(Problem requirements) Only the lines below from the one containing "Τα μικρά – αλλά" through the one containing "DescriptionAn abstract painting" belong in the answer, set down exactly, with the pictures left out.

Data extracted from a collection

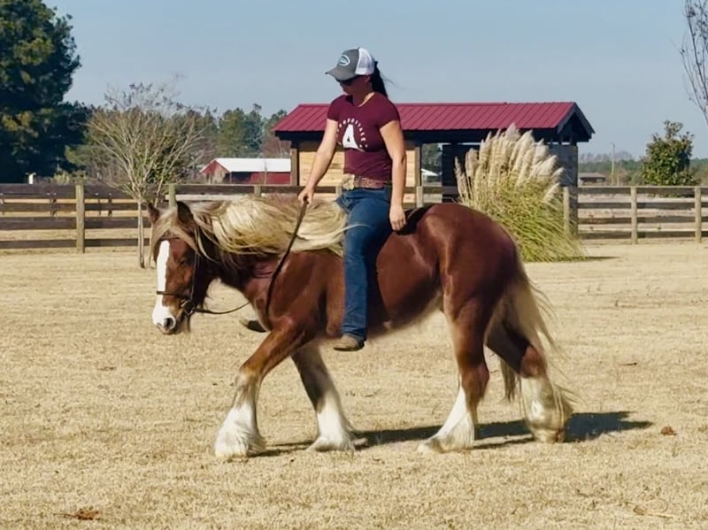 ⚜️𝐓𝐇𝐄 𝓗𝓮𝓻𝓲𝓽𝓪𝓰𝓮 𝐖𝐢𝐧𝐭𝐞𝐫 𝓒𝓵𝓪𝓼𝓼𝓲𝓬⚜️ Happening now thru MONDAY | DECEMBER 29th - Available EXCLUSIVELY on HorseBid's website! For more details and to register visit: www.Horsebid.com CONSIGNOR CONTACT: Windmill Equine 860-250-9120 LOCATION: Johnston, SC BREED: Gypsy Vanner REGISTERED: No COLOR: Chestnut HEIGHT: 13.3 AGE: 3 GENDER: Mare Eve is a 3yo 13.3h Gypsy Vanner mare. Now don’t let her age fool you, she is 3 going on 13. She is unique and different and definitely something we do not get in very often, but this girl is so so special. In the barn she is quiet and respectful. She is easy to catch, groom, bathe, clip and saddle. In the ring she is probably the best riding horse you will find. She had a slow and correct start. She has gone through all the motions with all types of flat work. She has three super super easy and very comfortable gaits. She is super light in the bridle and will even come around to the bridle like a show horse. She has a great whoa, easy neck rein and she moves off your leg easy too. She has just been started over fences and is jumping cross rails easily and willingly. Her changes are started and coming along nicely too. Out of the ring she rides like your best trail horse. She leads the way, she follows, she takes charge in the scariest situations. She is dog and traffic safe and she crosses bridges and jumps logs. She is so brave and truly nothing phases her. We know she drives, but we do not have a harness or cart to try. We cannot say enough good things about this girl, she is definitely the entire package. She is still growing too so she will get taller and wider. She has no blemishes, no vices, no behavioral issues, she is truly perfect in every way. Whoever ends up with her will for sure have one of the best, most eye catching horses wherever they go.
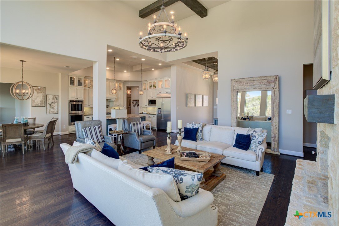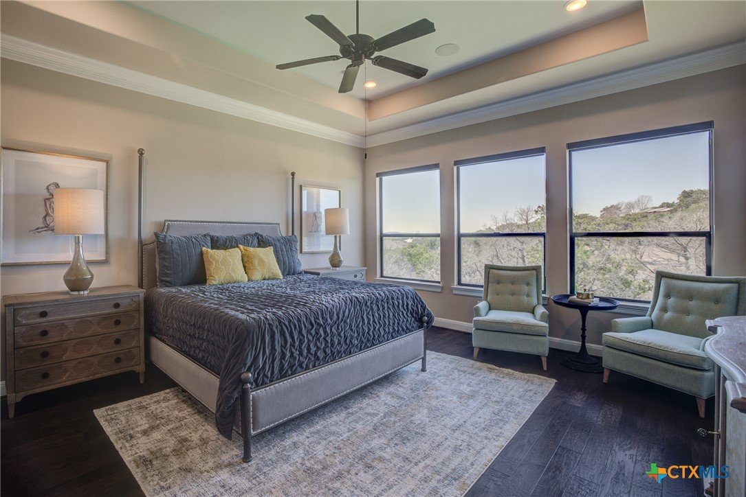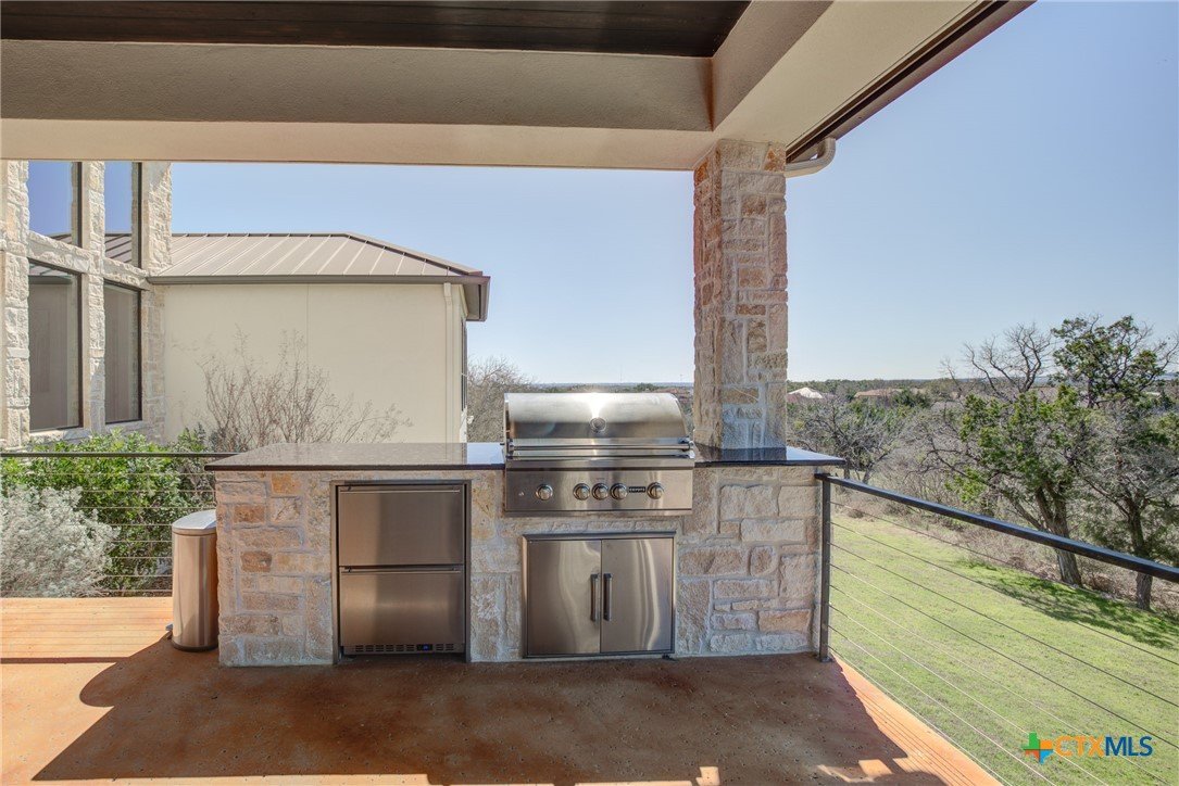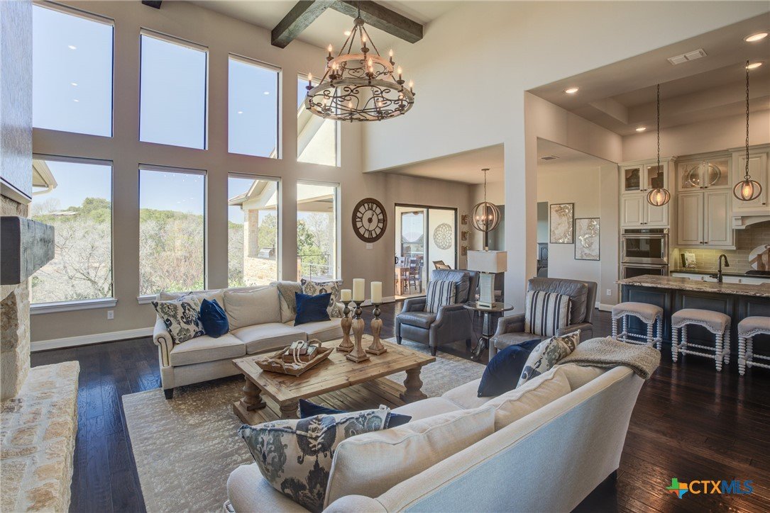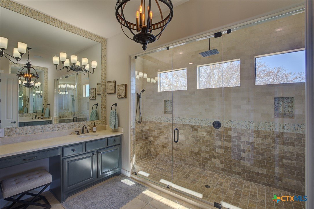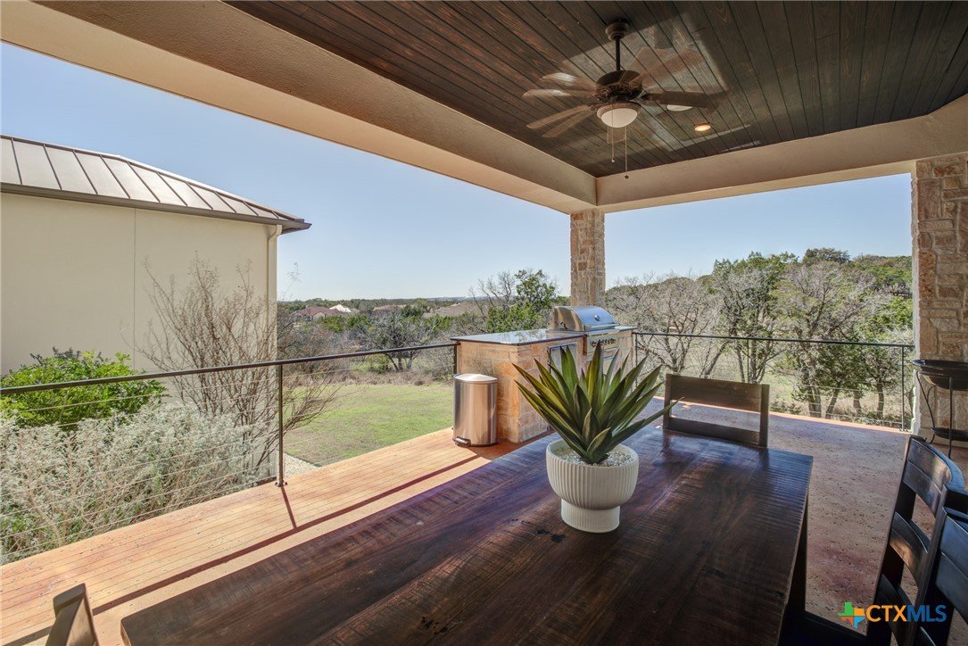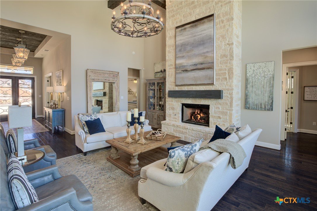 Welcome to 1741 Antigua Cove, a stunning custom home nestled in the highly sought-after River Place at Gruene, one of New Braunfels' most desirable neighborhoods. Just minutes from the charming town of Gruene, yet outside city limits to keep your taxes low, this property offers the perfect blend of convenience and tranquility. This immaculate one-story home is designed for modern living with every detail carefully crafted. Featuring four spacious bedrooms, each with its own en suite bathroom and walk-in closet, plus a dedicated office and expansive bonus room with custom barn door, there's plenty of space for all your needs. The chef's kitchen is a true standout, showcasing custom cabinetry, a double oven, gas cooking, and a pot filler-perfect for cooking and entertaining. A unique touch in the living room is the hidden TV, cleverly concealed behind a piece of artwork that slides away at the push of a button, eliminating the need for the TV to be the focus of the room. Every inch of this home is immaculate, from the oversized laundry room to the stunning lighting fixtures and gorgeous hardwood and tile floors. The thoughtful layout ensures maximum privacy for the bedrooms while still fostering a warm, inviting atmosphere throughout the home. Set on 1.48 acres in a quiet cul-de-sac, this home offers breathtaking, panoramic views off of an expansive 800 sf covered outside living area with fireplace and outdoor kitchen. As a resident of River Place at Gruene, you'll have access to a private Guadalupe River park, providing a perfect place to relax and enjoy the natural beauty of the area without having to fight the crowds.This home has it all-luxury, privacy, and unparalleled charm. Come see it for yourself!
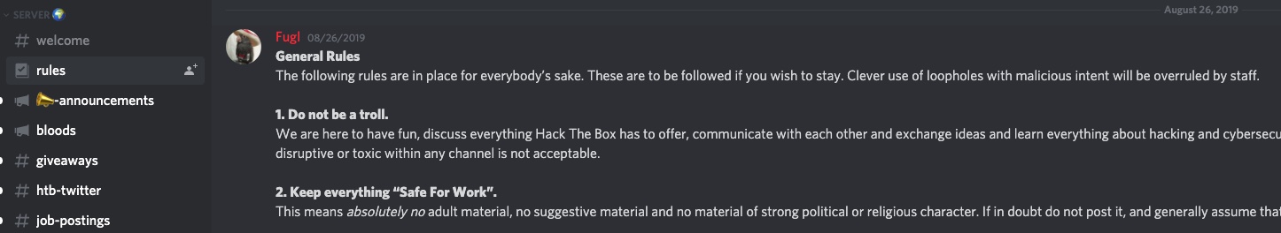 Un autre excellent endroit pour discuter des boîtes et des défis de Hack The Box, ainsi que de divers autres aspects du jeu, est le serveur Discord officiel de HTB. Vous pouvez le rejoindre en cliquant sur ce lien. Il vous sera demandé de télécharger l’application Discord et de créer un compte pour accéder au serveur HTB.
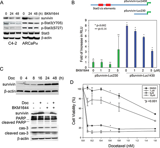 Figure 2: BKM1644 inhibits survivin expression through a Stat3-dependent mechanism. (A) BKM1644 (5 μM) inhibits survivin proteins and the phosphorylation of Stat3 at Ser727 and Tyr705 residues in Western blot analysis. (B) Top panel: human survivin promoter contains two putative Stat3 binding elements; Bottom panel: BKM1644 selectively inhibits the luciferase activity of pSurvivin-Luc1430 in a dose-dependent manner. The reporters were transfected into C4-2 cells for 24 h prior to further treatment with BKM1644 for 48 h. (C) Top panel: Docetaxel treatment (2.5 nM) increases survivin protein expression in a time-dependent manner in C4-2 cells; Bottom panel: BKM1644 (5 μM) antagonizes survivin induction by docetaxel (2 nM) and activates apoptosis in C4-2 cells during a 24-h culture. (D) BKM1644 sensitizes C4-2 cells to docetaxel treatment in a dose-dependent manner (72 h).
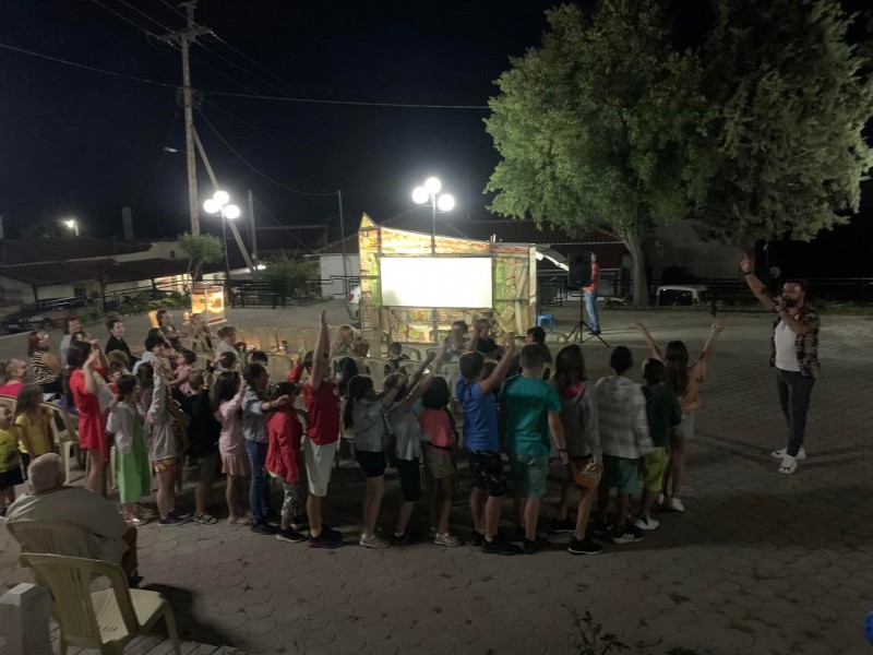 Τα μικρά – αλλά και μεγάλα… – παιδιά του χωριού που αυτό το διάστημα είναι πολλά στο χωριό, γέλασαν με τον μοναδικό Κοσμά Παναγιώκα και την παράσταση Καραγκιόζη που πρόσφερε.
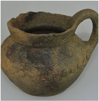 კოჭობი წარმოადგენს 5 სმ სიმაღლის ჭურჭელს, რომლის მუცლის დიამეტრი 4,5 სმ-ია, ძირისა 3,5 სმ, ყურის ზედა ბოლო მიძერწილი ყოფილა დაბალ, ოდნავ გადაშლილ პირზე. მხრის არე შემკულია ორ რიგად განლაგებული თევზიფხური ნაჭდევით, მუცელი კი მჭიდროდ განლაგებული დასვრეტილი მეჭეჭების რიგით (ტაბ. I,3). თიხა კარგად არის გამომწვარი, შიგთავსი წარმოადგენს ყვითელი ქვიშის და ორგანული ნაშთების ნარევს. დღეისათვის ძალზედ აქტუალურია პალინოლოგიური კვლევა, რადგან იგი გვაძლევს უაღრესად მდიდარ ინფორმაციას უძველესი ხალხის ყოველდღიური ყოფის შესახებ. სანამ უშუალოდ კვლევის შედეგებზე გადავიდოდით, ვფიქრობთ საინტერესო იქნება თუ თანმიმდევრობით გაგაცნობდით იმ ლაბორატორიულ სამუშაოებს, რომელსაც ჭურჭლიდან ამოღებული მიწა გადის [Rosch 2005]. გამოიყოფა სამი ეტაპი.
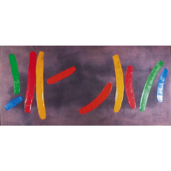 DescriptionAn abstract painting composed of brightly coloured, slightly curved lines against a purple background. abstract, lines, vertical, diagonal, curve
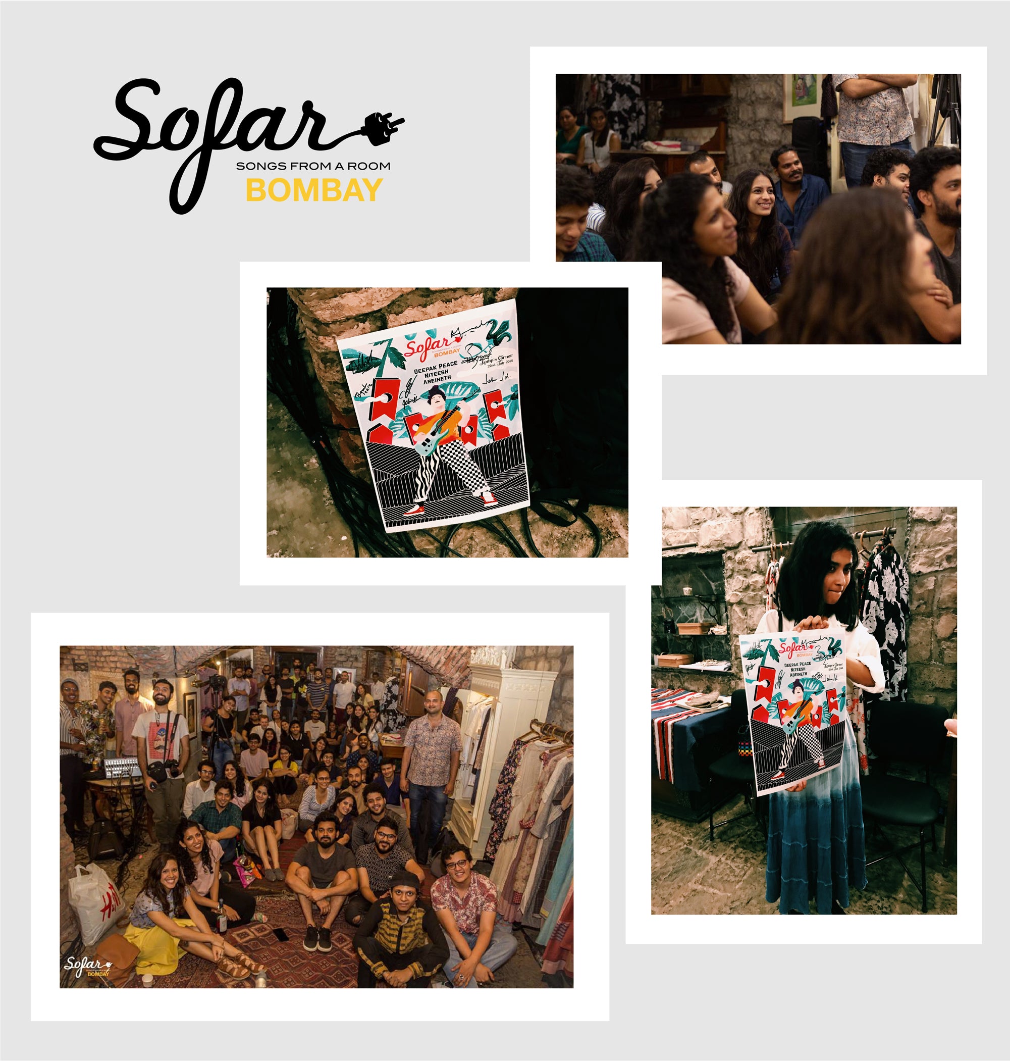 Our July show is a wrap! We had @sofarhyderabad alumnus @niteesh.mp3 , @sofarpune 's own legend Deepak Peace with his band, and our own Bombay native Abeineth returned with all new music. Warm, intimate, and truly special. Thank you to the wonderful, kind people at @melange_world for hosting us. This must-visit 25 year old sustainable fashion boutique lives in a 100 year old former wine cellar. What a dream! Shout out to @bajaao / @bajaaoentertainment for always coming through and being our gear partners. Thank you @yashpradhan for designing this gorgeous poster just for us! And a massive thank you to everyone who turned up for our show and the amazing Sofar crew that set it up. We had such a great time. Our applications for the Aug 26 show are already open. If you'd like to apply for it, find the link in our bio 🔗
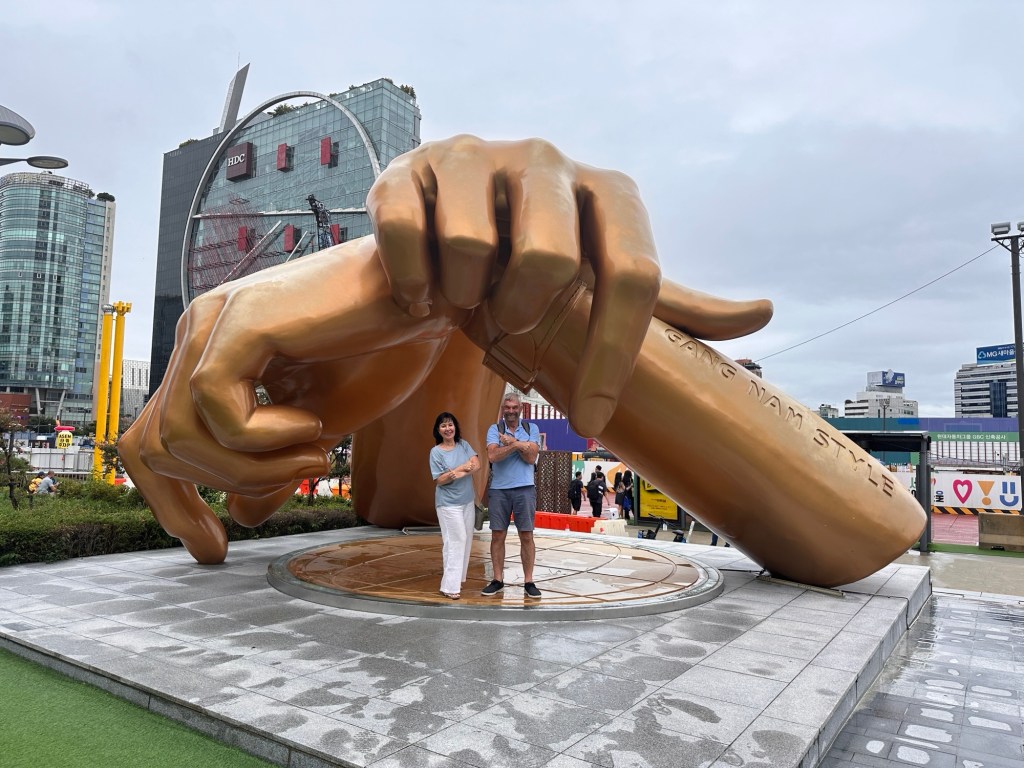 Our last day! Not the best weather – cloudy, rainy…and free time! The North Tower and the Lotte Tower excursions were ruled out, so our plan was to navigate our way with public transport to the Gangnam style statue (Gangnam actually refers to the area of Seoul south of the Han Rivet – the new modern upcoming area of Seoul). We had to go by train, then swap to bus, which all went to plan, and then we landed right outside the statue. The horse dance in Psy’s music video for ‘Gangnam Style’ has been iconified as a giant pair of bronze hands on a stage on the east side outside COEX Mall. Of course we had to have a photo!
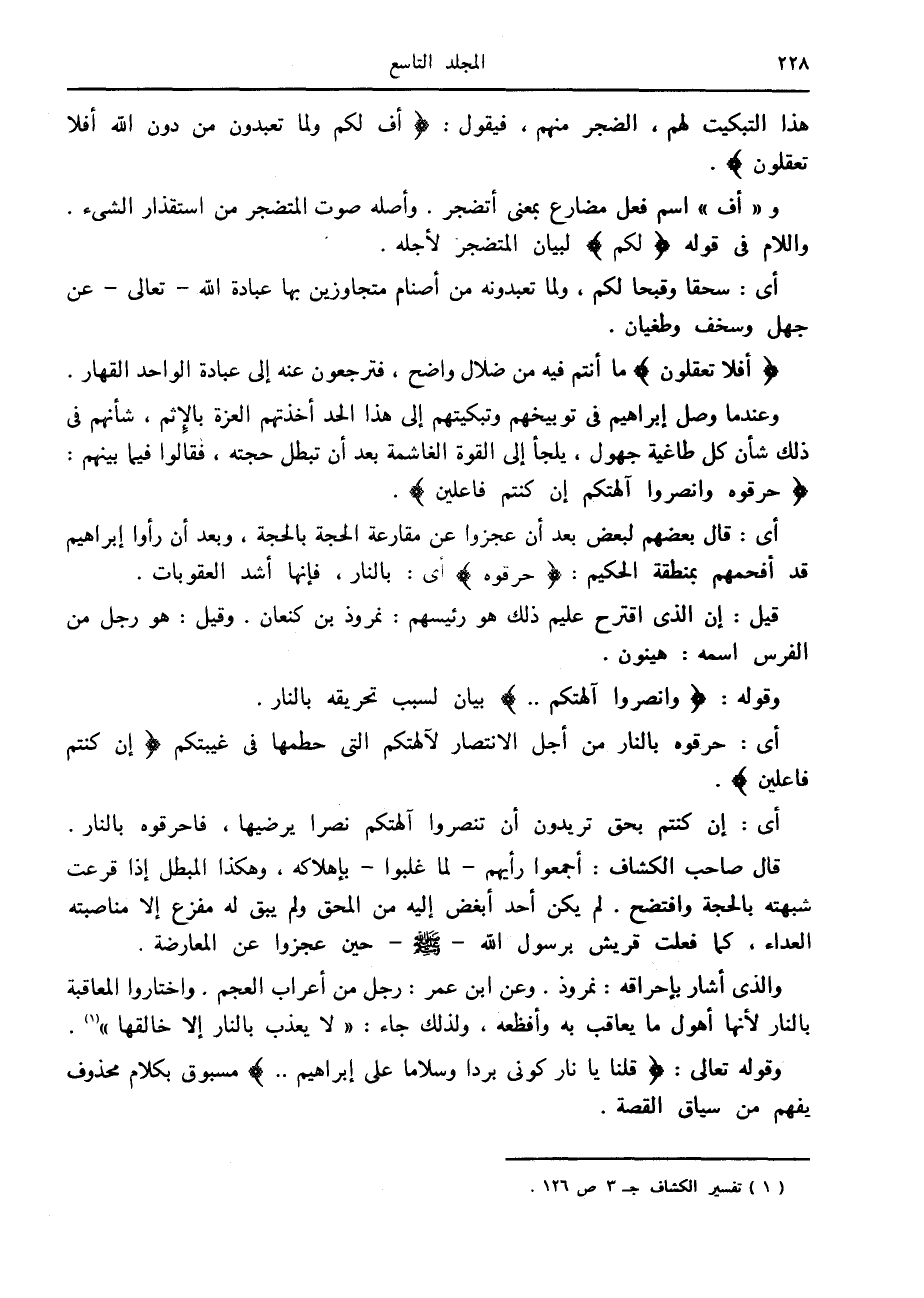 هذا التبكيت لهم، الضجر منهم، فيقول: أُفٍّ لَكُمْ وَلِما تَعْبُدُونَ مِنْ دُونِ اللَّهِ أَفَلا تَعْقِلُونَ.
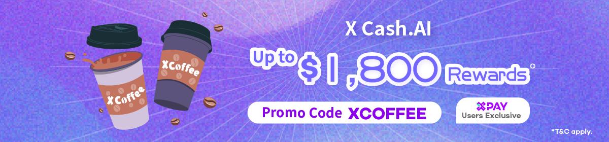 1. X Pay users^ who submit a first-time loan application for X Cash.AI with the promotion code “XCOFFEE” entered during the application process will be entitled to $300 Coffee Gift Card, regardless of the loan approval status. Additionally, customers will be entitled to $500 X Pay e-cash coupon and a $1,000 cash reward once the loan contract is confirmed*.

(Task result)
 Τα μικρά – αλλά και μεγάλα… – παιδιά του χωριού που αυτό το διάστημα είναι πολλά στο χωριό, γέλασαν με τον μοναδικό Κοσμά Παναγιώκα και την παράσταση Καραγκιόζη που πρόσφερε.
 კოჭობი წარმოადგენს 5 სმ სიმაღლის ჭურჭელს, რომლის მუცლის დიამეტრი 4,5 სმ-ია, ძირისა 3,5 სმ, ყურის ზედა ბოლო მიძერწილი ყოფილა დაბალ, ოდნავ გადაშლილ პირზე. მხრის არე შემკულია ორ რიგად განლაგებული თევზიფხური ნაჭდევით, მუცელი კი მჭიდროდ განლაგებული დასვრეტილი მეჭეჭების რიგით (ტაბ. I,3). თიხა კარგად არის გამომწვარი, შიგთავსი წარმოადგენს ყვითელი ქვიშის და ორგანული ნაშთების ნარევს. დღეისათვის ძალზედ აქტუალურია პალინოლოგიური კვლევა, რადგან იგი გვაძლევს უაღრესად მდიდარ ინფორმაციას უძველესი ხალხის ყოველდღიური ყოფის შესახებ. სანამ უშუალოდ კვლევის შედეგებზე გადავიდოდით, ვფიქრობთ საინტერესო იქნება თუ თანმიმდევრობით გაგაცნობდით იმ ლაბორატორიულ სამუშაოებს, რომელსაც ჭურჭლიდან ამოღებული მიწა გადის [Rosch 2005]. გამოიყოფა სამი ეტაპი.
 DescriptionAn abstract painting composed of brightly coloured, slightly curved lines against a purple background. abstract, lines, vertical, diagonal, curve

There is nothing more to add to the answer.